A decision involves that there actually are at least two real options. In the animal examples above, it looks, to the observer of the behavior, like there were two such options, but once the neuronal mechanisms mediating the ‘choice’ have become clear, one of the options was gone. This is not the case when studying decisions that have no reasons at all. Under such circumstances, the decision is always 50-50. The outcome is, if the experiment is properly designed, unpredictable and happens exclusively in the animal and cannot be dictated by external stimuli. There are many such examples: isolated buccal ganglia of the sea slug Aplysia produce different motor programs in a petri dish, without any sensory organs. Analogously, isolated leech nervous systems start and stop producing swimming motor programs in the dish. Tethered fruit flies produce different flight maneuvers even if flying stationarily inside the center of a ping-pong ball. In these cases, there are no obvious, outwardly discernible ‘reasons’ for the animals/nervous systems to pick one behavior over another. The reasons for the decision come solely from within the animal itself. Conceptually, these situations appear much closer to what we call “decisions” and practically, they avoid the sensory confounds altogether.

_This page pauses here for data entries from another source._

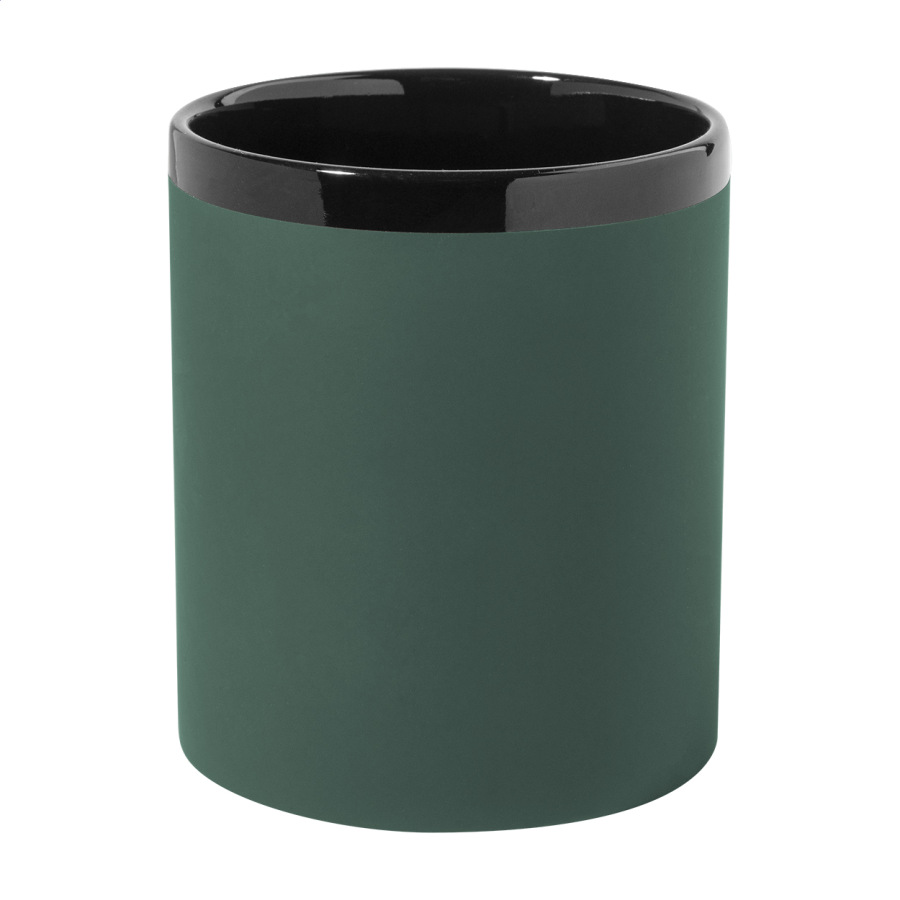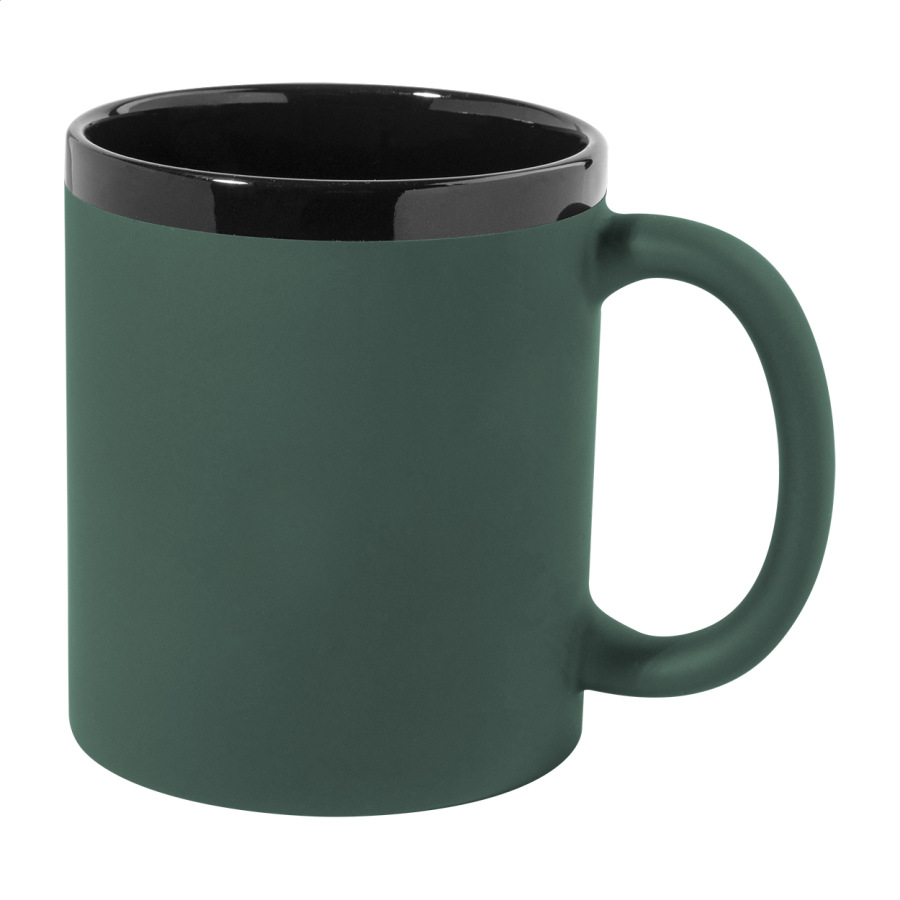 Keramický hrnček s mäkkým pogumovaným povrchom a čiernym vnútrom a okrajom, 300 ml. So špeciálnym povrchom na gravírovanie, gravírované logo ladí s farbou na vnútornej strane. V krabičke z kraftového papiera.
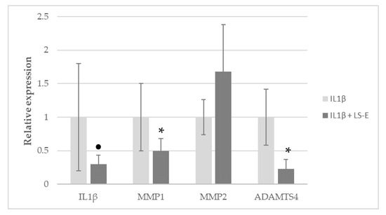 Relative gene expression (expressed as fold change, mean ± standard error) of activated NHAC-kn in alginate beads, incubated with LS-E and IL1β for 4 h (vs. control, cells incubated with IL1β and without LS-E). n = 4. *: p ≤ 0.05, ●: 0.1 > p > 0.05. ↓: Decrease of gene expression with LS-E (p < 0.1).
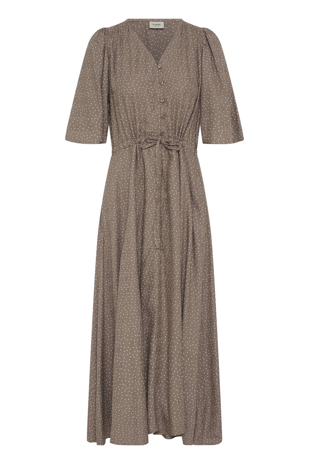 Super smuk og klassisk kjole fra Fransa i brun og hvide prikker. Den har v-udskæring og stolpelukning med ærmer til albuen. Det er en lang kjole med bindebånd i taljen. Den falder flot og man justere hvor stram den skal være. Styles evt med en hvid sneaker eller hæl. Kvalitet: 100% viskose
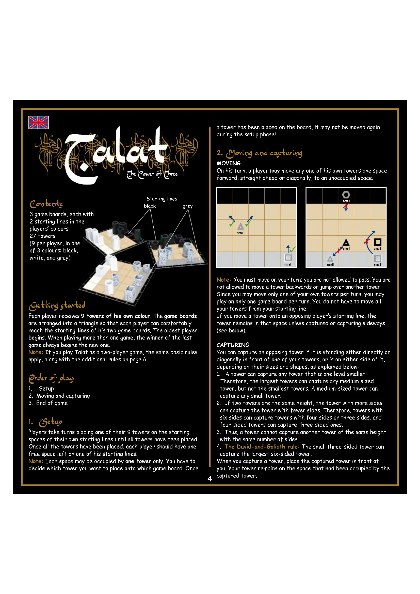 MOVINGOn his turn, a player may move any one of his own towers one space forward, straight ahead or diagonally, to an unoccupied space.Note: You must move on your turn; you are not allowed to pass. You are not allowed to move a tower backwards or jump over another tower.Since you may move only one of your own towers per turn, you may play on only one game board per turn. You do not have to move all your towers from your starting line.If you move a tower onto an opposing player’s starting line, the tower remains in that space unless captured or capturing sideways (see below).CAPTURINGYou can capture an opposing tower if it is standing either directly or diagonally in front of one of your towers, or is on either side of it, depending on their sizes and shapes, as explained below:1. A tower can capture any tower that is one level smaller. Therefore, the largest towers can capture any medium sized tower, but not the smallest towers. A medium-sized tower can capture any small tower.2. If two towers are the same height, the tower with more sides can capture the tower with fewer sides. Therefore, towers with six sides can capture towers with four sides or three sides, and four-sided towers can capture three-sided ones.3. Thus, a tower cannot capture another tower of the same height with the same number of sides.4. The David-and-Goliath rule: The small three-sided tower can capture the largest six-sided tower.When you capture a tower, place the captured tower in front of you. Your tower remains on the space that had been occupied by the captured tower. Contents 3 game boards, each with 2 starting lines in the players’ colours27 towers (9 per player, in one of 3 colours: black, white, and grey)The Power of ThreeStarting linesblack greymediumsmallsmallsmallmedium largelargemedium
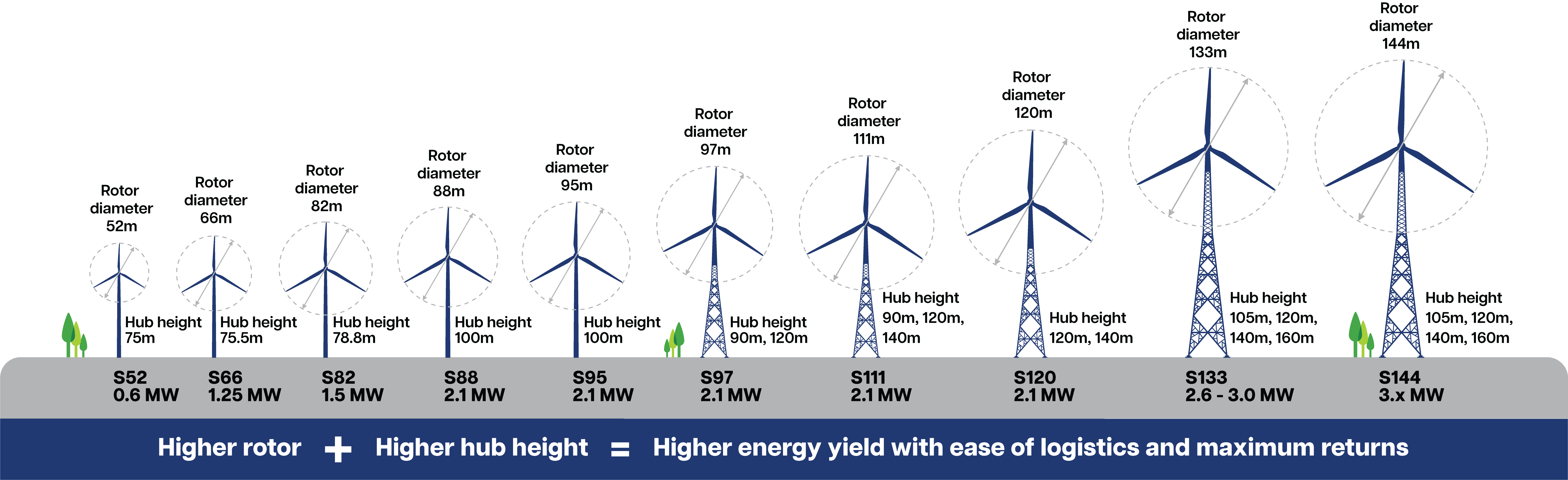 A leader in wind energy space since 1995, Suzlon offers a 360-degree solutions package to its customers that covers the entire spectrum of wind energy projects. With over 13,200 wind turbines installed across six continents and having world-class manufacturing units across India, Suzlon wind energy solutions have become the byword for innovation and competitive advantage. Providing an all-encompassing solution to wind-energy projects in the form of Wind Turbine Generators (WTGs) that are infused with state-of-the-art technology from their blades, nacelle, towers and foundations. These WTGs carry the hallmark of reliability and sustainability and have a proven track record of enabling customers to maximize their return on investments.
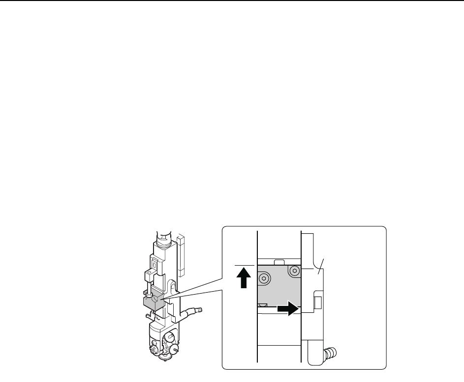 Adjustments >> Station Adjustments MEC-CP842-1.0E 7-41 1 Press the EMERGENCY STOP button to take the 200V down to 100 V . 2 Use the inching keys to move the Low valve head to ST12. 3 Remove the mechanical valve fro…
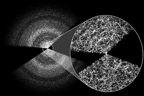 这张宇宙地图的一小部分展示了以地球为中心,银道面上下的星系与类星体分布。本报讯 一个为期5年的巡天观测项目现已圆满结束,共捕获了4700万个星系与类星体,从而使研究人员能够对有史以来最详尽的三维(3D)宇宙地图进行最后的润色。这些数据有望解开暗能量正在减弱的谜团,而这种现象一旦证实,可能会颠覆现有的宇宙标准模型。美国亚利桑那州基特峰国家天文台的暗能量光谱仪(DESI),自2021年起一直在持续扫描
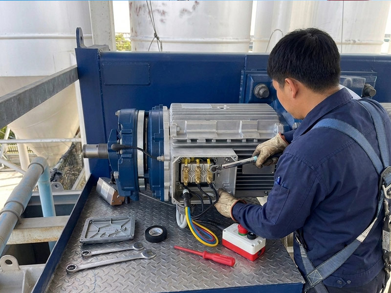แก้ไขดูแลได้ทุกอาการที่ติดขัด เช่น ซ่อมเครื่องผสมคอนกรีตเพลาคู่ (Twin Shaft Mixer), ซ่อมซีลหัวเพลา เพื่อแก้ปัญหาน้ำปูนรั่ว หรือแก้อาการซีลน้ำปูนรั่ว, เปลี่ยนแผ่นกันสึก (Liner Plate), ซ่อมบำรุงระบบไฟฟ้าและเครื่องชั่ง
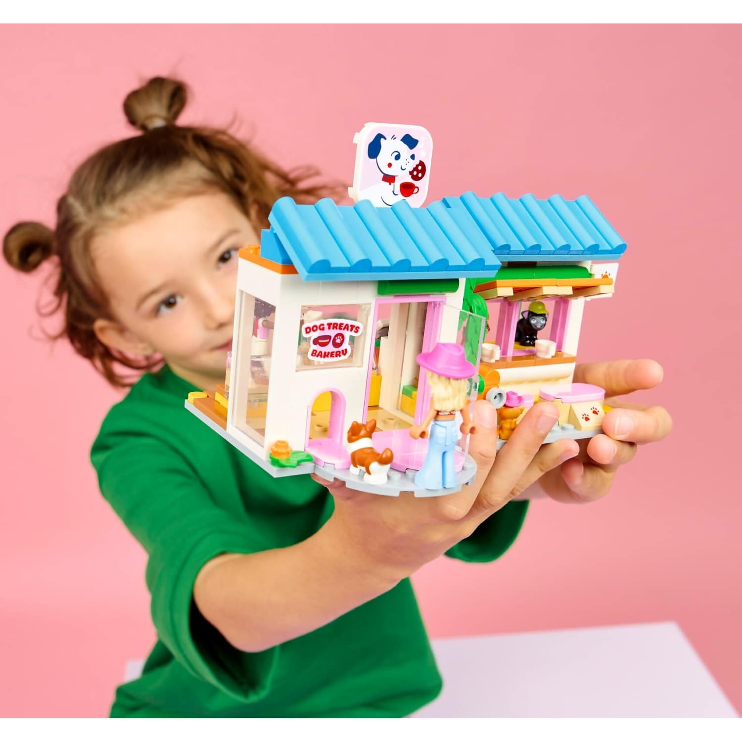 Inspire kids to create their own sweet stories with the LEGO® Friends Dog Treats Bakery (42677) toy for girls and boys ages 6 and up. The bakery shop is packed with humorous details and toy accessories to delight pet lovers. Discover an oven, coffee machine, refrigerator and seating, plus lots of animal-friendly details like the fun signage, pet carrier and pet door.
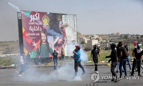 epa09948955 A Palestinian throws back a tear gas grenade at Israeli troops during clashes after a rally marking the 74th anniversary of the Palestinian Nakba, in the West Bank city of Ramallah, 15 May 2022. Nakba Day, or Day of the Catastrophe, which is marked on 15 May to commemorate the expulsion of more than 700,000 Palestinians from their land in the war surrounding the establishment of the state of Israel in 1948. EPA/ALAA BADARNEH
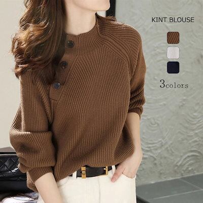 ニット セーター ニットセーター ブラウス レディース チュニック 長袖 ハイネック ニットソー インナー アウター ハイネックニット 秋冬 無地 カットソー プルオーバー トップス ゆったり 体型カ
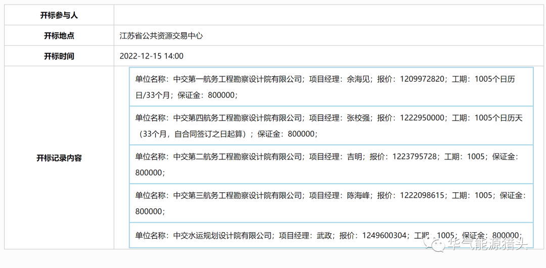 江苏华电赣榆LNG接收站项目共分3个标段:第一标段码头工程(LNGMT-EPC标段)、第二标段接收站工程(LNGJSZ-EPC标段)、第三标段外输管道工程(LNGGX-EPC标段)。* LNGMT-EPC开标记录
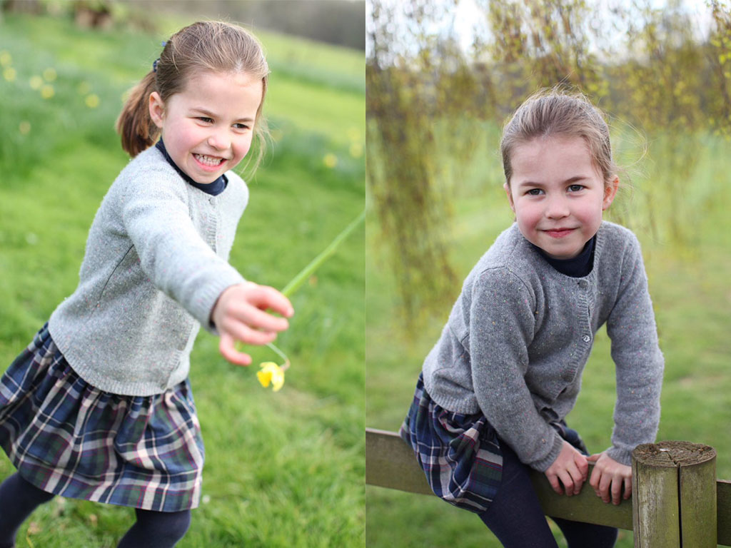 The portraits of the princess were taken at the family’s home in Norfolk, and show Charlotte playing with a flower in the garden and perched on a fence.
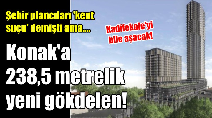 ?lki 238,5 metre, ikincisi 13,27 metre, üçüncüsü ise 17,30 metre yüksekli?indeki 3 bloktan olu?acak proje, trafik ve toplu ula??m yo?unlu?unun yüksek oldu?u, liman?n yan? ba??ndaki Halkap?nar’da yer alacak. ?zmir’in en yüksek noktas? olan 186 metrelik Kadifekale’den neredeyse 1,5 kat daha yüksek olacak projede, 633 konut, 181 odal? otel, 358 ofis ve 44 i?yeri yer alacak. Proje yakla??k 544 milyon 144 bin TL’ye mal olacak.
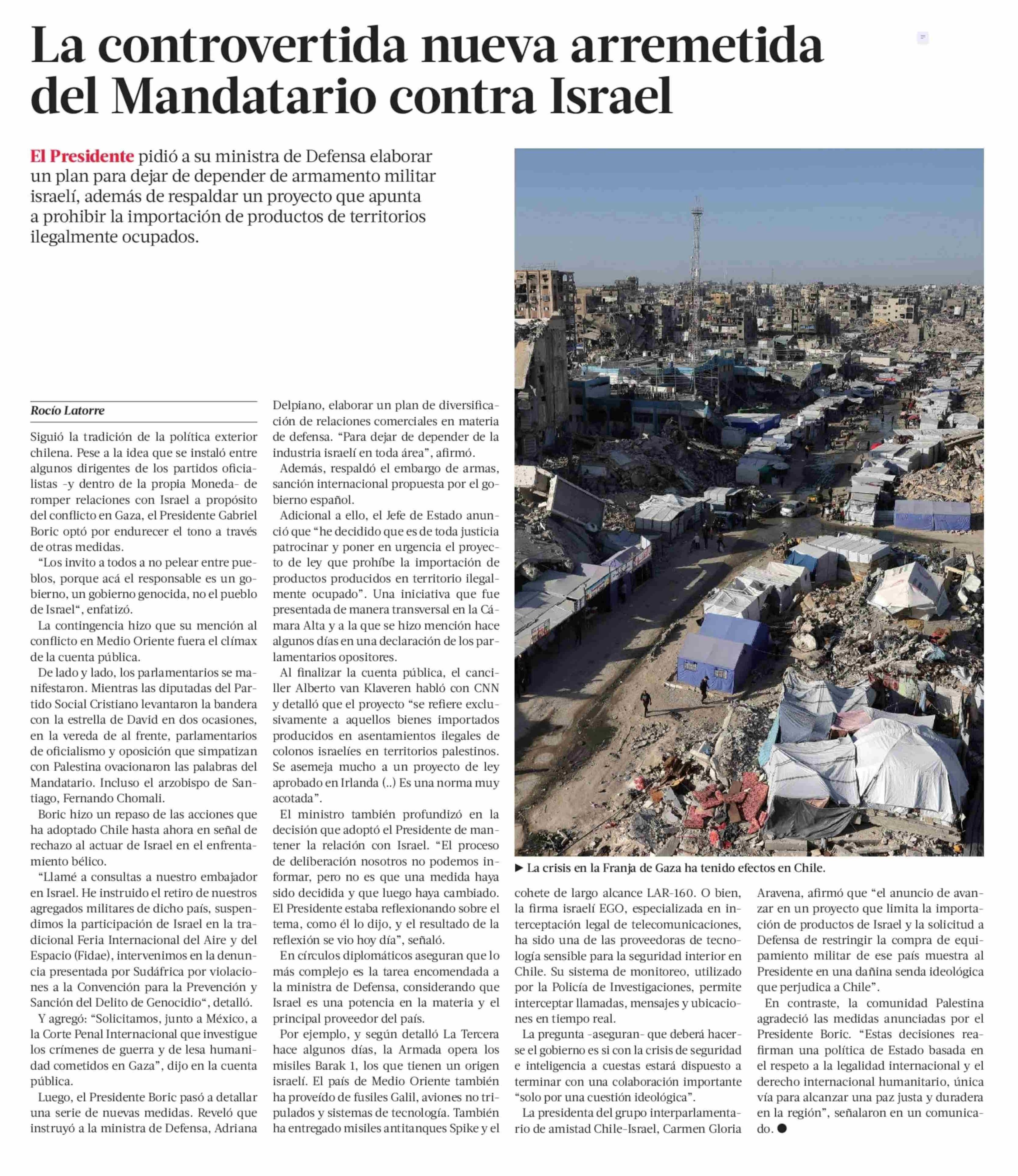La controvertida nueva arremetida del Mandatario contra Israel 02-06-2025 La Tercera |
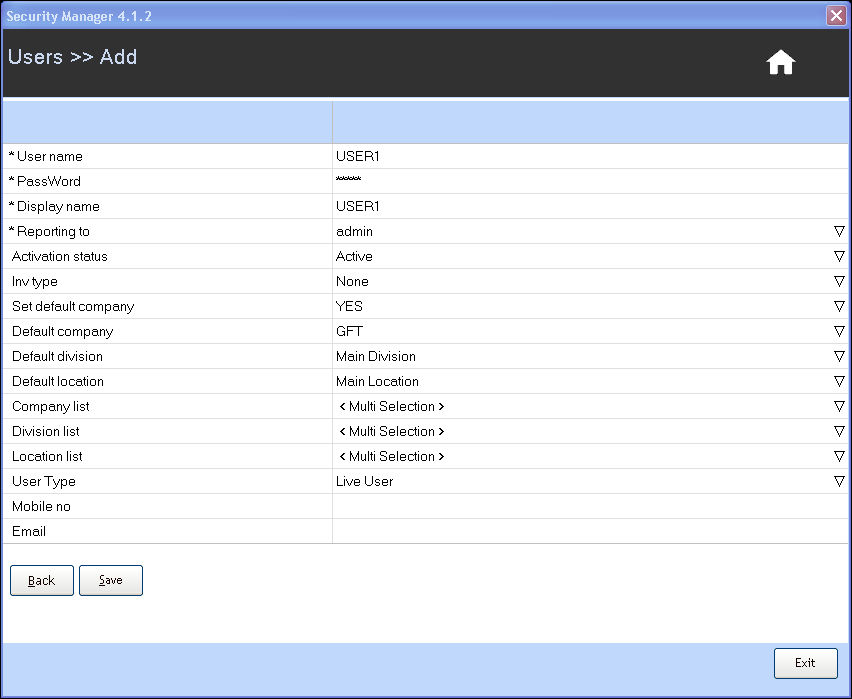 d. In the Reporting to the field, press ENTER or F2 key to select the name of the user to whom the new user will be reporting to
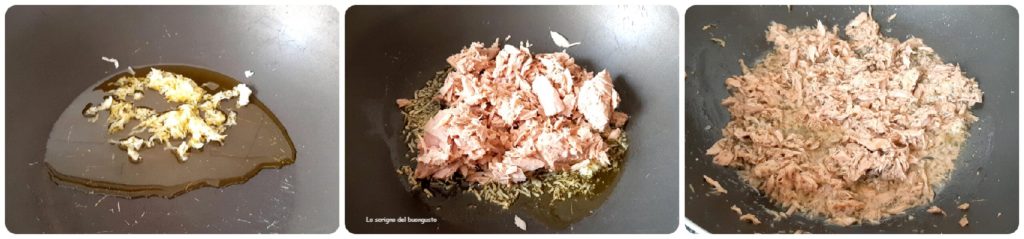 • Toma una sartén antiadherente y sofríe los dientes de ajo machacados con el aceite de oliva. Luego añade el atún bien escurrido y desmenuzado, ajusta de sal y pimienta y deja que se impregnen los sabores unos minutos.
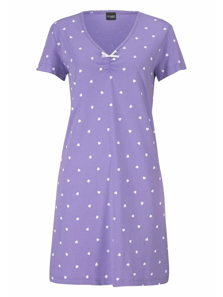 Отличная ночная рубашка от Vivance Dreams в двойной упаковке! С V-образным вырезом, небольшими рюшами и милым декоративным бантиком. Вырез и короткие рукава с красивой окантовкой. Повсюду напечатан милый сердечный принт. Изготовлен из мягкого одинарного трикотажа из 100% хлопка.

These two kinds of decisions have traditionally been referred to as “picking” and “choosing” in a 1977 seminal paper by Ullmann-Margalit and Morgenbesser.
So what really is a decision and how do we study them in neuroscience? Picking or Choosing?
In human psychology, there is a distinction between “judgments” and “decisions” (i.e., the judgment and decision-making, JDM, framework):
‘Judgments’ refer to how individuals acquire and process information to arrive at an understanding of the situation or state of the world. ‘Decisions’ refer to the processes by which individuals use judgments to arrive at a course of action. In other words, individuals can vary in two main ways: how they ‘see’ the world, and what they decide to do about it.
It appears that the leech and fly work cited above merely concerns the “judgment” aspect of JDM, leaving the decision-making untouched. In this JDM framework, does it not seem wise for neuroscience experiments to circumvent the practical problems of judgments by studying decisions that happen in the absence or at least with equivalence of sensory stimuli?